Polícia Militar também prendeu 24 suspeitos por cometimento de crimes durante o período do benefício

Detentos durante saidinha, em Ribeirão Preto | Foto: Reprodução

A Polícia Militar flagrou 770 detentos descumprindo ordens judiciais em todo o estado de São Paulo durante a primeira saída temporária de presos de 2026, entre os dias 17 e 23 de março. Os beneficiados tiveram os boletins de ocorrência de descumprimento formalizados e cada um dos casos foi informado ao Poder Judiciário, conforme prevê a legislação. Outros 24 foram presos em flagrante por cometimento de crimes e reconduzidos ao sistema prisional.

A maior parte das violações das medidas cautelares ocorreu nas regiões de Ribeirão Preto com 166 casos, Santos com 159 e Campinas com 135 detidos.
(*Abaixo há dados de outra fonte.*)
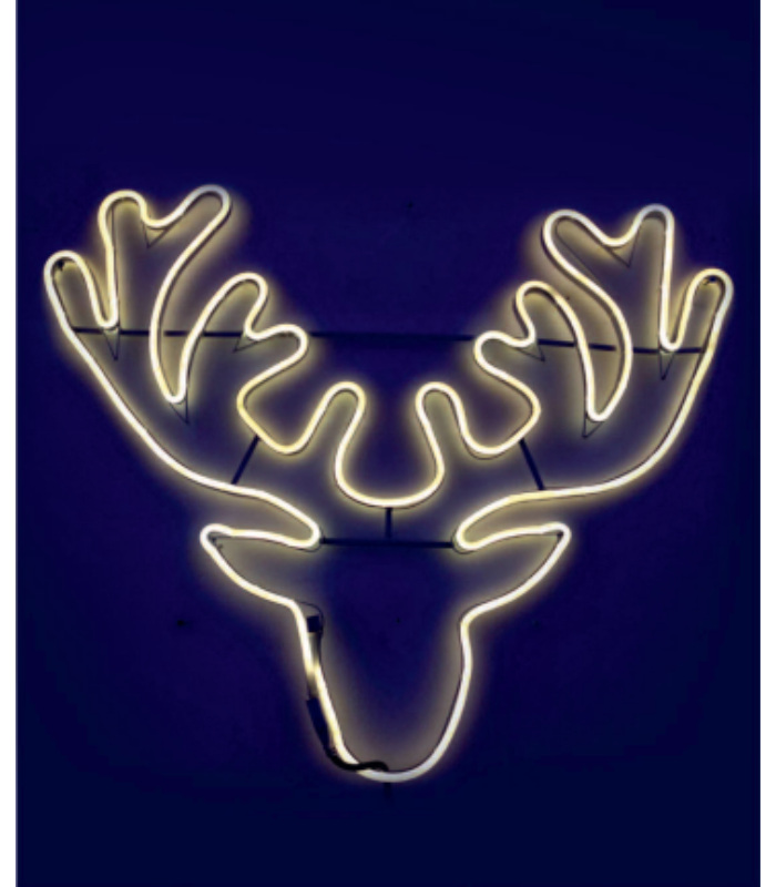 Περίγραμμα Neon Πλακέ σε σχήμα κεφαλιού ταράνδου. IP44, Ø78cm.
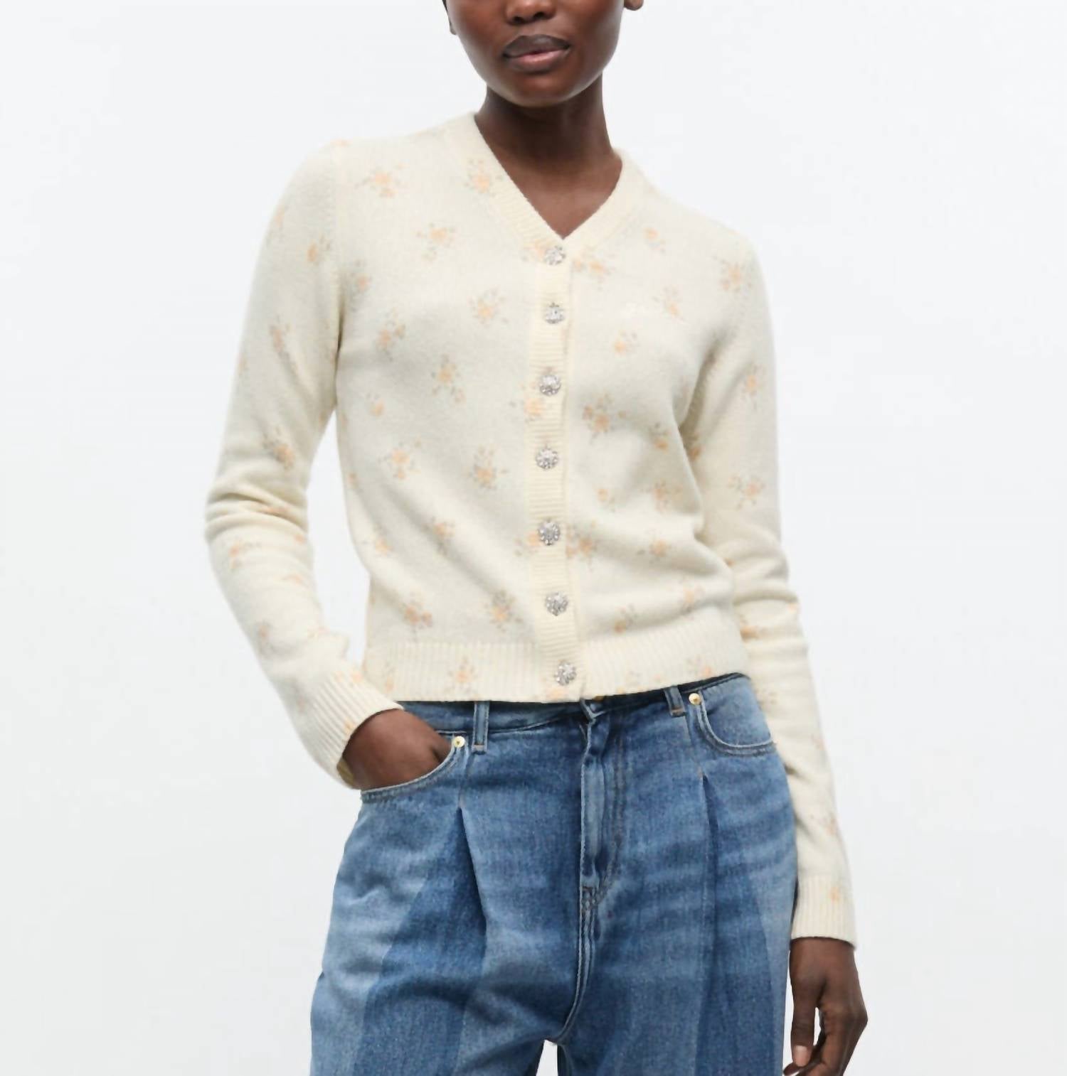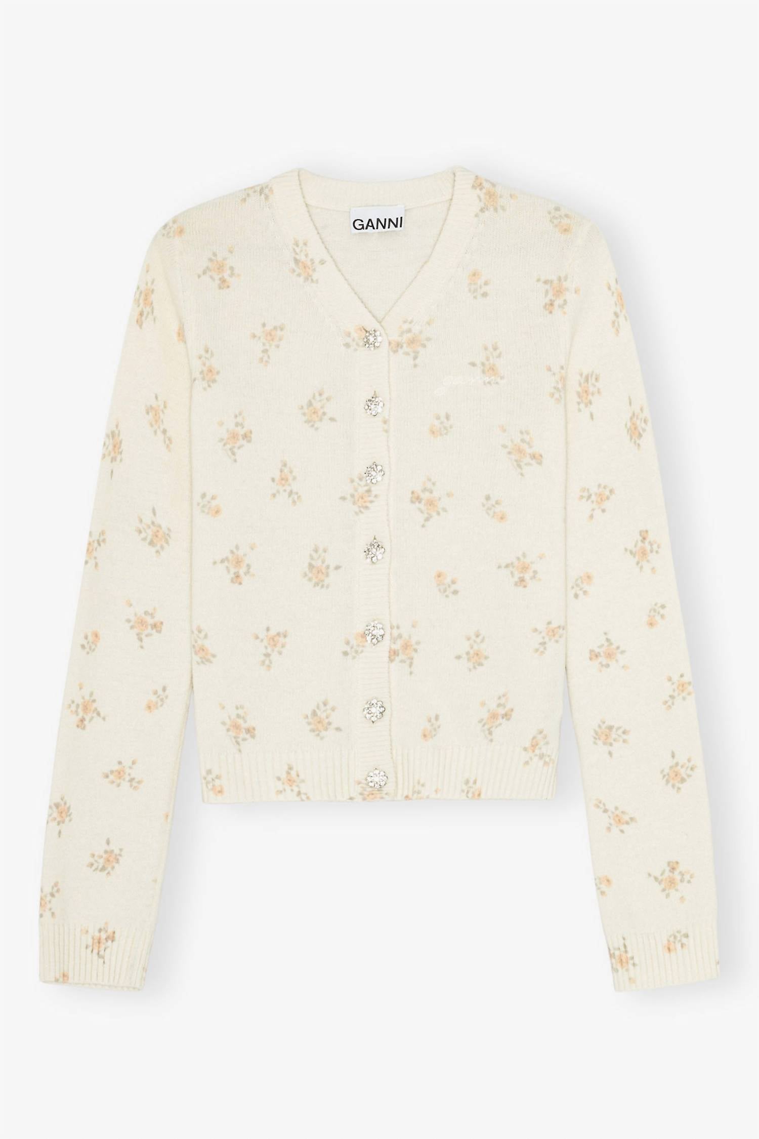 A classic fit that works just as good buttoned as it does left open. Embrace the Boho Chic trend with the Women's Printed Mix Cardigan by GANNI, crafted in a luxurious wool blend. This antique white cardigan features long sleeves and a stylish V-neckline, enhanced by its unique patterned design. The garment is constructed with a composition of 45% wool, 35% recycled wool, and 20% recycled polyamide, emphasizing its sustainable aspect. Each detail, from the ribbed edges to the button closure, is thoughtfully designed for both style and comfort, making it a perfect addition to your fall vacation wardrobe.

Em seguida vêm Bauru (76), São José do Rio Preto (71), Araçatuba (68), São José dos Campos (47), Presidente Prudente (17) e Sorocaba (9). Na capital paulista, foram 12 ocorrências.

Entre as regras impostas pela Justiça para a concessão da saída temporária estão a proibição de frequentar bares, usar drogas e se envolver em brigas, além da obrigação de permanecer na área determinada pelo Poder Judiciário e não ficar na rua no período noturno.

Os presos tinham até as 18h de segunda-feira (23) para voltar aos presídios. Quem não retornou passa a ser considerado foragido.

Os 24 beneficiados que foram presos em flagrante estavam cometendo crimes como homicídio, estupro, violência doméstica, tráfico de drogas, furto, roubo, agressão, falsa identidade, ameaça, direção perigosa e dano material. Todos esses serão reencaminhados às unidades onde já cumpriam penas.

Parceria com a SAP e o TJ facilita abordagem

Em junho de 2025, uma parceria inédita entre as secretarias da Segurança Pública (SSP) e da Administração Penitenciária (SAP) e do Tribunal de Justiça de São Paulo passou a permitir que os policiais militares tenham acesso às informações dos detentos beneficiados, em tempo real, enquanto fazem o patrulhamento nas ruas.

Dessa forma, é possível verificar durante a abordagem se as regras da saída temporária determinadas pela Justiça estão sendo cumpridas, sem a necessidade de levar o detento até uma delegacia para a elaboração do boletim de ocorrência.